The complexity behind generative AI workflows

To illustrate how quickly complexity compounds, consider even a relatively simple RAG pipeline like the one shown in Figure 1.

Each component—retriever, prompt strategy, embedding model, text splitter, synthesizing LLM—requires careful selection and tuning. And beyond those decisions, there’s an expanding landscape of end-to-end workflow strategies, from single-agent workflows like ReAct and LATS to multi-agent workflows like CaptainAgent and Magentic-One.

Figure 1 syftr blog post — **Figure 1**. Even a simple AI workflow requires selecting and testing multiple components and hyperparameters.

What’s missing is a scalable, principled way to explore this configuration space.

That’s where syftr comes in.

Its open source framework uses multi-objective Bayesian Optimization to efficiently search for Pareto-optimal RAG workflows, balancing cost, accuracy, and latency across configurations that would be impossible to test manually.

Benchmarking Pareto-optimal workflows with syftr

Once syftr is applied to a workflow configuration space, it surfaces candidate pipelines that achieve strong tradeoffs across key performance metrics.

The example below shows syftr’s output on the CRAG (Comprehensive RAG) Sports benchmark, highlighting workflows that maintain high accuracy while significantly reducing cost.

Fogire 2 syftr blog post — **Figure 2**. syftr searches across a large workflow configuration space to identify Pareto-optimal RAG workflows — agentic and non-agentic — that balance accuracy and cost. On the *CRAG Sports benchmark, syftr identifies workflows that match the accuracy of top-performing configurations while reducing cost by nearly two orders of magnitude.*

While Figure 2 shows what syftr can deliver, it’s equally important to understand how those results are achieved.

At the core of syftr is a multi-objective search process designed to efficiently navigate vast workflow configuration spaces. The framework prioritizes both performance and computational efficiency – essential requirements for real-world experimentation at scale.

Figure 3 syftr using multi objective Bayesian Optimization — **Figure 3.** syftr uses multi-objective Bayesian Optimization (BO) to search across a space of approximately 10²³ unique workflows.

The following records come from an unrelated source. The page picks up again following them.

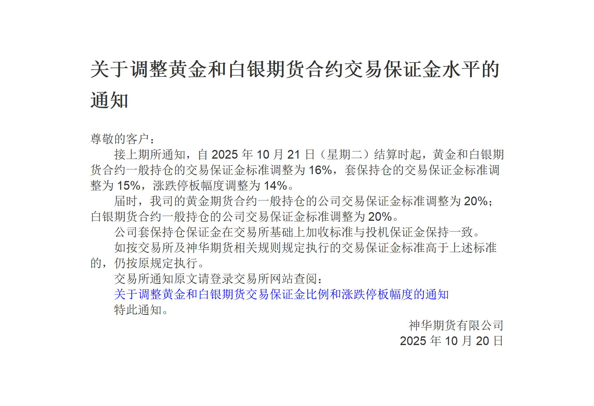 关于调整黄金和白银期货合约交易保证金水平的通知
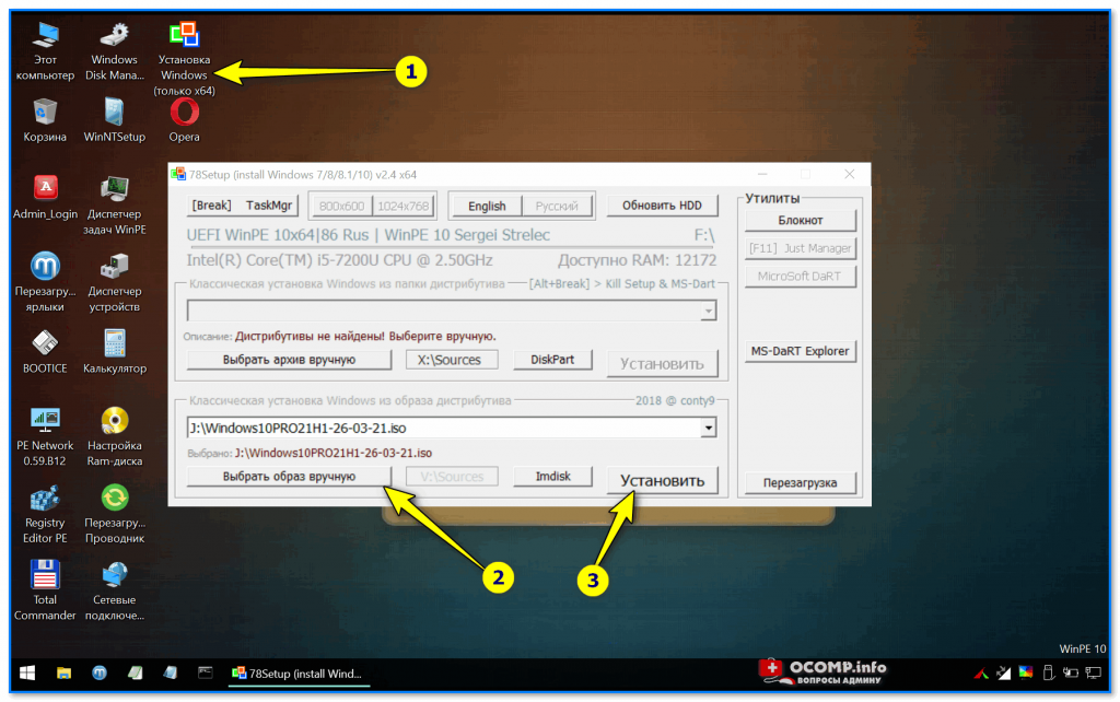 Кстати, как вариант — можно даже не подготавливать загрузочные флешки, а запустить установку Windows прямо из образа ISO, не распаковывая его (например, воспользовавшись LiveCD).
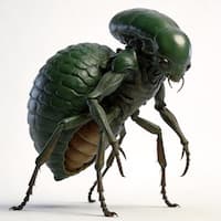 "有机骨骼与肌腱、深色异星甲壳、发光的毒绿色脉络,H.R. Giger 风格"

Since evaluating every workflow in this space isn’t feasible, we typically evaluate around 500 workflows per run.

To make this process even more efficient, syftr includes a novel early stopping mechanism — Pareto Pruner — which halts evaluation of workflows that are unlikely to improve the Pareto frontier. This significantly reduces computational cost and search time while preserving result quality.

Why current benchmarks aren’t enough

While model benchmarks, like MMLU, LiveBench, Chatbot Arena, and the Berkeley Function-Calling Leaderboard, have advanced our understanding of isolated model capabilities, foundation models rarely operate alone in real-world production environments.

Instead, they’re typically one component — albeit an essential one — within larger, sophisticated AI systems.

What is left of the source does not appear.